**Data provided:**

>>>>>

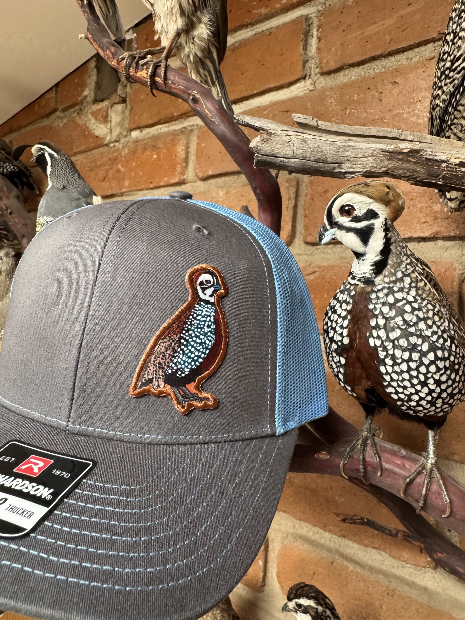 Mearns quail trucker hat. Mearns patch heat pressed on to a Richardson 112 trucker hat.
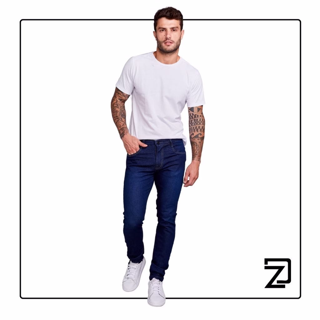 Calça Jeans Skinny Masculina, desenvolvida em jeans com leve elasticidade. Adaptável a todos os estilos, essa calça se destaca pelo equilíbrio entre a ousadia da skinny e a tradicional. A peça possui cintura média, três bolsos frontais e dois posteriores. O cós tem passantes e fechamento com botão e zíper. Ideal para curtir a estação com muito conforto.
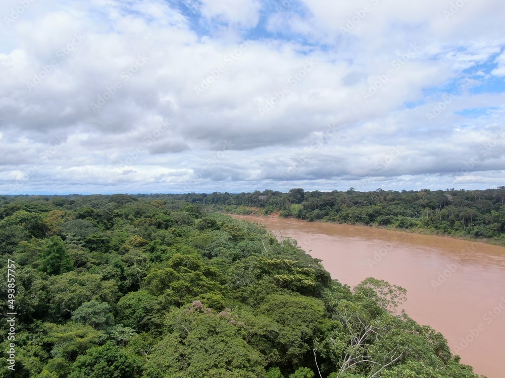 Drone picture of tambopata national park showing river flowing through rainforest

<<<<<

**What you need to do:** Where images occur in the data above, leave them out and repeat everything else exactly.

**Output for this exercise:**
 Mearns quail trucker hat. Mearns patch heat pressed on to a Richardson 112 trucker hat.
 Calça Jeans Skinny Masculina, desenvolvida em jeans com leve elasticidade. Adaptável a todos os estilos, essa calça se destaca pelo equilíbrio entre a ousadia da skinny e a tradicional. A peça possui cintura média, três bolsos frontais e dois posteriores. O cós tem passantes e fechamento com botão e zíper. Ideal para curtir a estação com muito conforto.
 Drone picture of tambopata national park showing river flowing through rainforest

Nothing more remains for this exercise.